## Recorded data

□ □ □

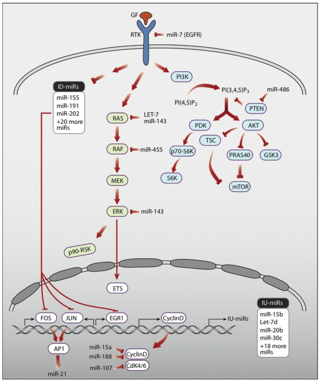 Schematic representation of RTK signaling pathways and representative regulatory microRNAs. Several biochemical signaling pathways are simultaneously activated upon binding of a growth factor (GF) to a receptor tyrosine kinase (RTK). Shown are two major cascades of protein kinases: the RAS-ERK pathway, which culminates in translocation of active ERK molecules to the nucleus, and the PI3K-to-AKT pathway, which requires phosphorylation of the inositol ring of phosphatitylinositol 4,5 bisphosphate at carbon position number 5. Both pathways regulate transcription factors, such as AP1, which comprises dimers of JUN and FOS. Note that many components of the signaling pathways are modulated at the mRNA level by microRNAs. Likewise, several microRNAs are induced or inhibited by RTK signals. They include a large group of microRNA molecules that undergo immediate down-regulation upon activation of EGFR (termed: ID-miRs) and several groups of microRNAs that are up-regulated immediately following RTK activation. For example, the group of IU-miRs is induced as early as 20 min after stimulation of EGFR.
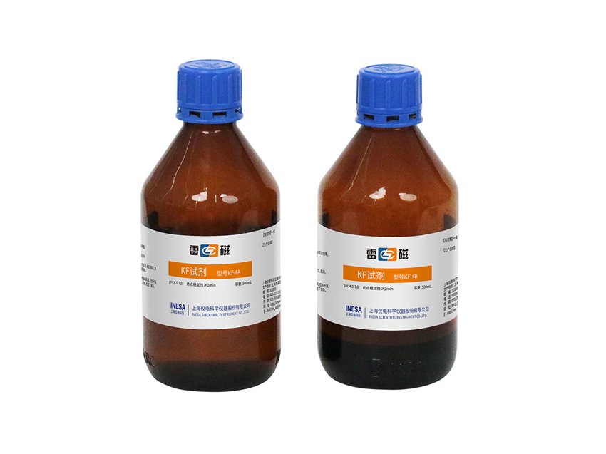 容量法卡尔费休试剂, 含KF-4A试剂(500mL)1瓶, KF-4B试剂(500mL)1瓶, 滴定度: 3-5mg/L。
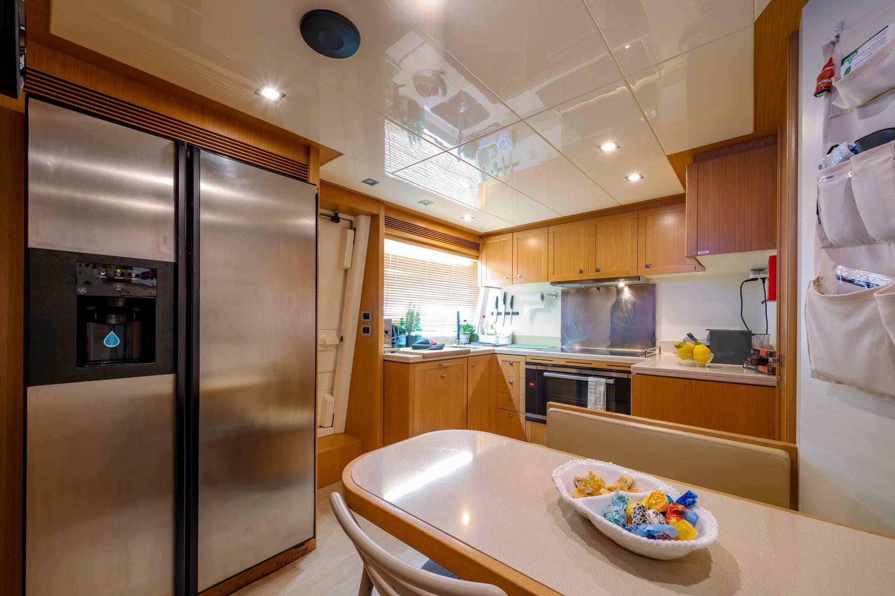 She features large windows enabling natural light to filter into the living area and to every cabin, natural woods and leathers, a sky lounge on the upper deck and a large cockpit furnished with an extendable table.
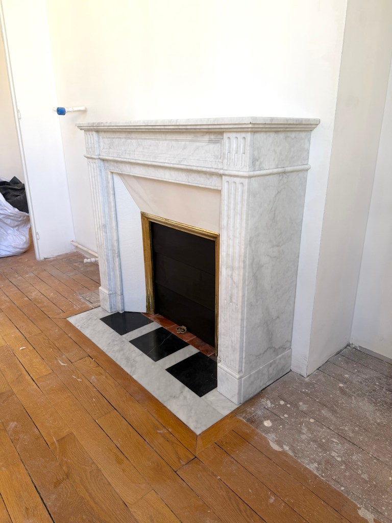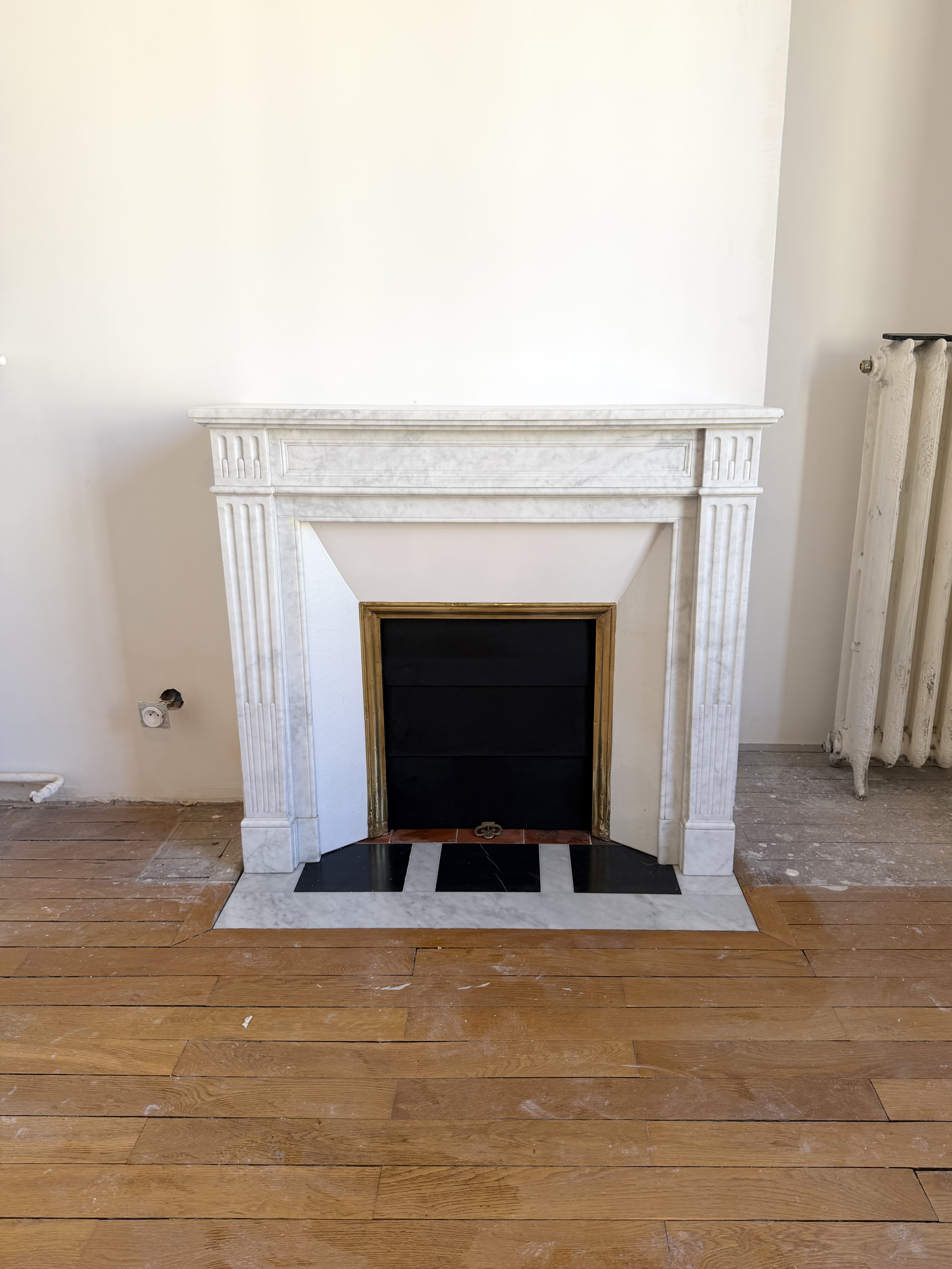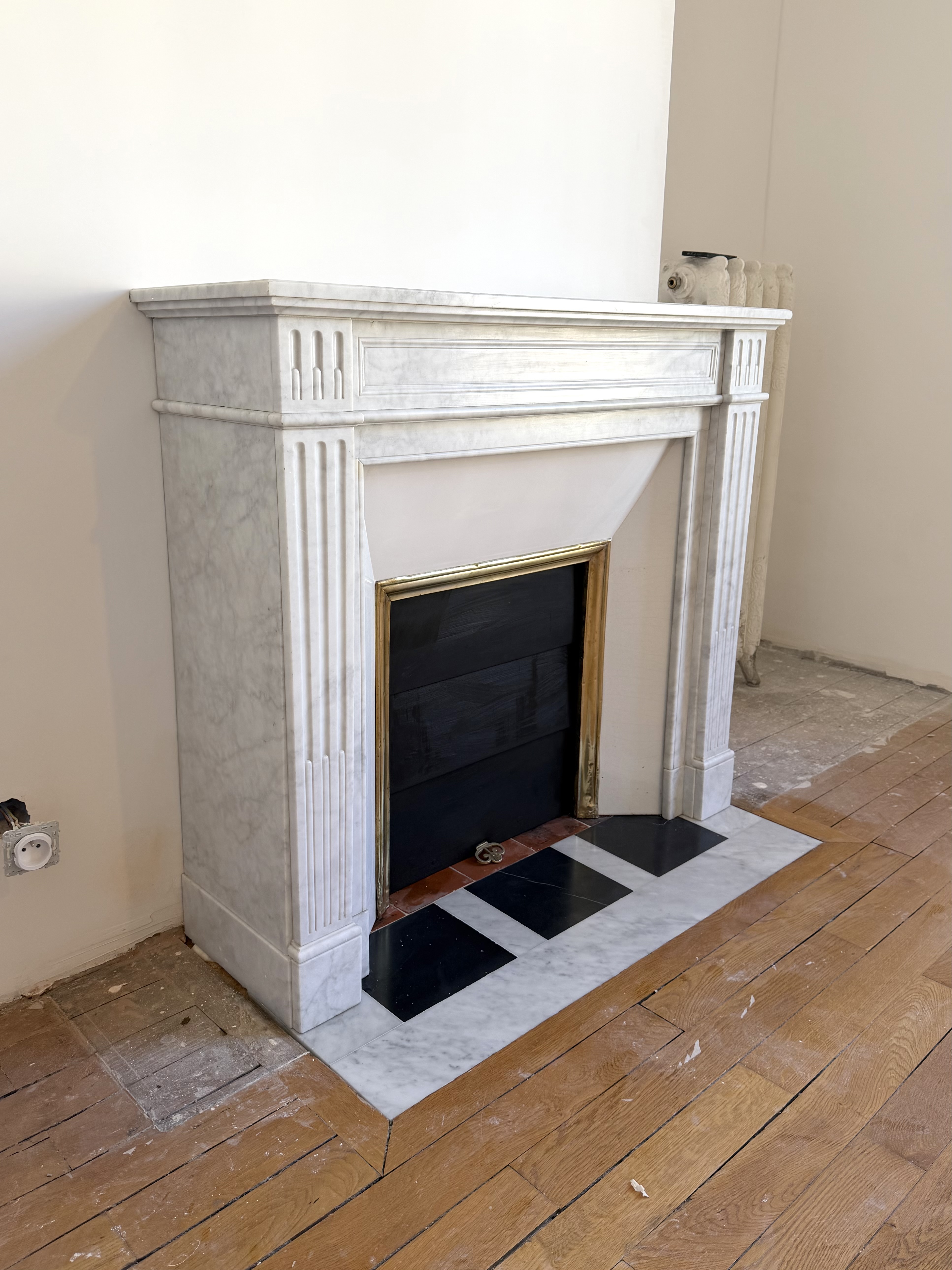 Je vous présente une élégante cheminée de style Louis XVI, réalisée en marbre blanc de Carrare.
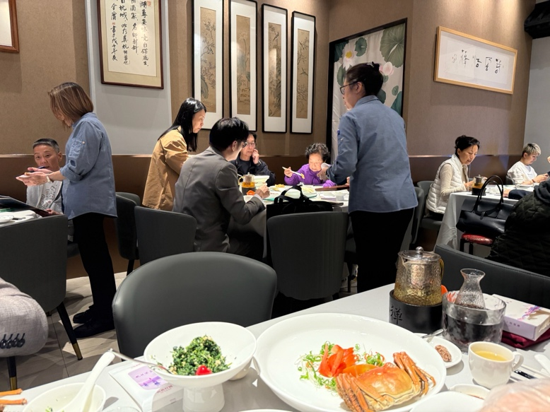 这份信心来自顾客,也来自品牌累积的情感。他笑说,不少老客人从欧洲、澳洲回流,第一餐就回杭州酒家,“那种感动,很难用生意的语言来描述。”
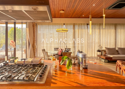 A casa é totalmente climatizada e equipada com eletrodomésticos Viking, reconhecidos pelo alto padrão e desempenho. Conta ainda com carregador para veículos elétricos, agregando tecnologia e sustentabilidade.
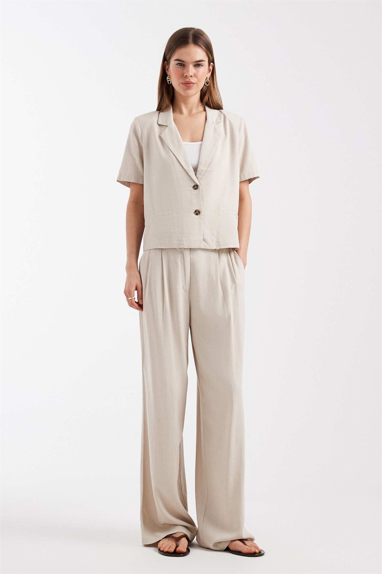 Брюки с широкими брючинами из ткани с эффектом льна co-ord
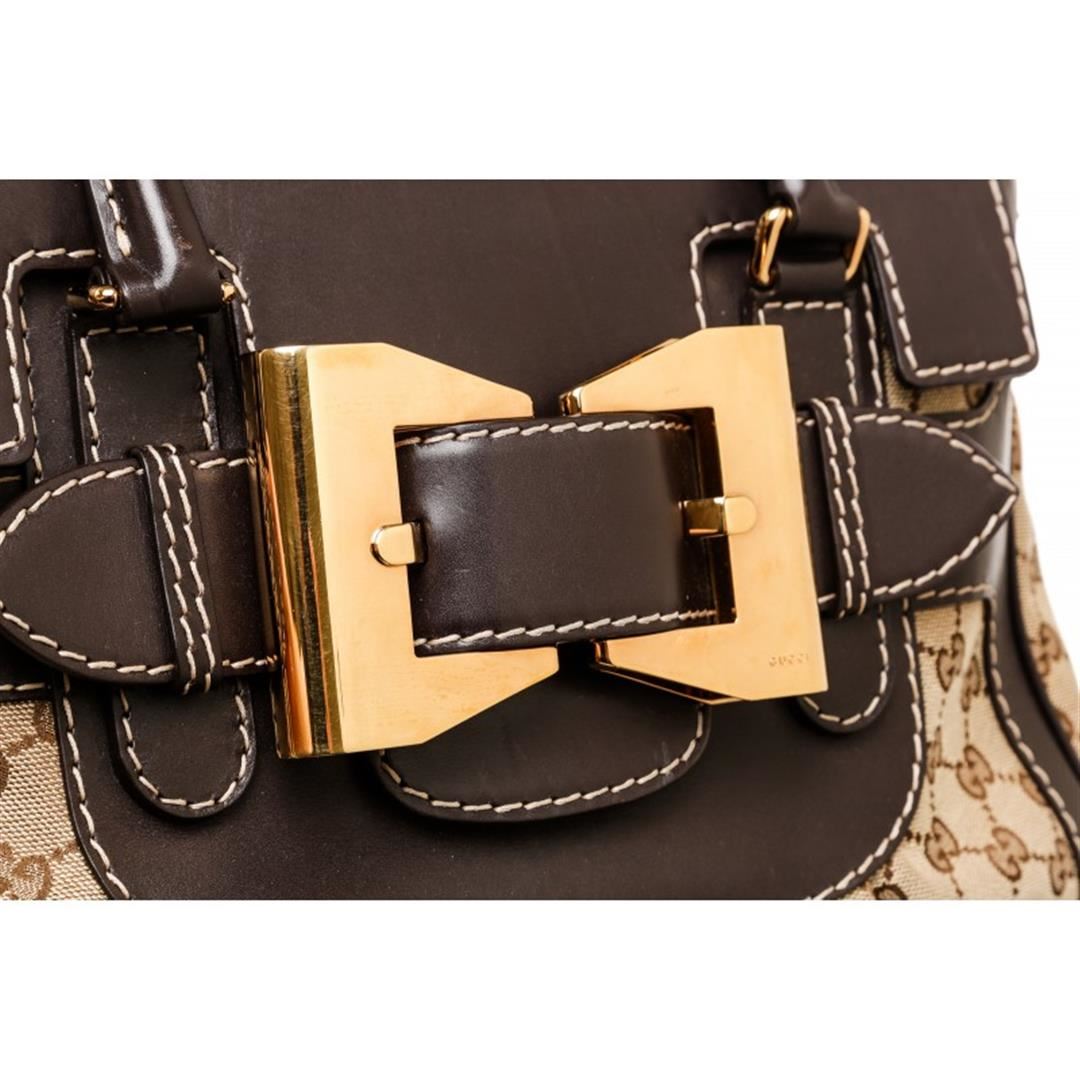 Overallip tab magnetic button closure. Interior is canvas fabric lined and contains one side zipper pocket and two sideip pockets. Item is pre-owned.
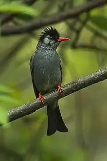 El bulbul negro (Hypsipetes leucocephalus)[2] es una especie de ave paseriforme de la familia Pycnonotidae propia del sureste de Asia y el Himalaya. Existen varias subespecies con mucha diferencia en su plumaje, cuyo tono puede oscilar desde el totalmente negro al gris; además algunas de ellas presentan la cabeza blanca, lo que da su nombre a la especie, leucocephalus, que en griego significa «cabeza blanca». Su pico y patas son siempre de color rojo anaranjado.
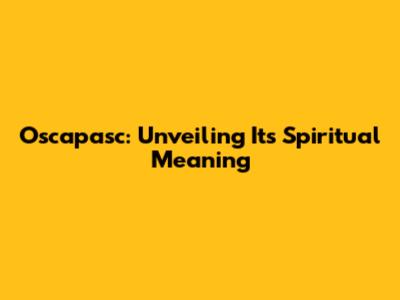 Oscapasc: Unveiling Its Spiritual Meaning

□ □ □

Restate each entry word for word; pictures stay out of the copy.

## Exercise answer
 Schematic representation of RTK signaling pathways and representative regulatory microRNAs. Several biochemical signaling pathways are simultaneously activated upon binding of a growth factor (GF) to a receptor tyrosine kinase (RTK). Shown are two major cascades of protein kinases: the RAS-ERK pathway, which culminates in translocation of active ERK molecules to the nucleus, and the PI3K-to-AKT pathway, which requires phosphorylation of the inositol ring of phosphatitylinositol 4,5 bisphosphate at carbon position number 5. Both pathways regulate transcription factors, such as AP1, which comprises dimers of JUN and FOS. Note that many components of the signaling pathways are modulated at the mRNA level by microRNAs. Likewise, several microRNAs are induced or inhibited by RTK signals. They include a large group of microRNA molecules that undergo immediate down-regulation upon activation of EGFR (termed: ID-miRs) and several groups of microRNAs that are up-regulated immediately following RTK activation. For example, the group of IU-miRs is induced as early as 20 min after stimulation of EGFR.
 容量法卡尔费休试剂, 含KF-4A试剂(500mL)1瓶, KF-4B试剂(500mL)1瓶, 滴定度: 3-5mg/L。
 She features large windows enabling natural light to filter into the living area and to every cabin, natural woods and leathers, a sky lounge on the upper deck and a large cockpit furnished with an extendable table.
 Je vous présente une élégante cheminée de style Louis XVI, réalisée en marbre blanc de Carrare.
 这份信心来自顾客,也来自品牌累积的情感。他笑说,不少老客人从欧洲、澳洲回流,第一餐就回杭州酒家,“那种感动,很难用生意的语言来描述。”
 A casa é totalmente climatizada e equipada com eletrodomésticos Viking, reconhecidos pelo alto padrão e desempenho. Conta ainda com carregador para veículos elétricos, agregando tecnologia e sustentabilidade.
 Брюки с широкими брючинами из ткани с эффектом льна co-ord
 Overallip tab magnetic button closure. Interior is canvas fabric lined and contains one side zipper pocket and two sideip pockets. Item is pre-owned.
 El bulbul negro (Hypsipetes leucocephalus)[2] es una especie de ave paseriforme de la familia Pycnonotidae propia del sureste de Asia y el Himalaya. Existen varias subespecies con mucha diferencia en su plumaje, cuyo tono puede oscilar desde el totalmente negro al gris; además algunas de ellas presentan la cabeza blanca, lo que da su nombre a la especie, leucocephalus, que en griego significa «cabeza blanca». Su pico y patas son siempre de color rojo anaranjado.
 Oscapasc: Unveiling Its Spiritual Meaning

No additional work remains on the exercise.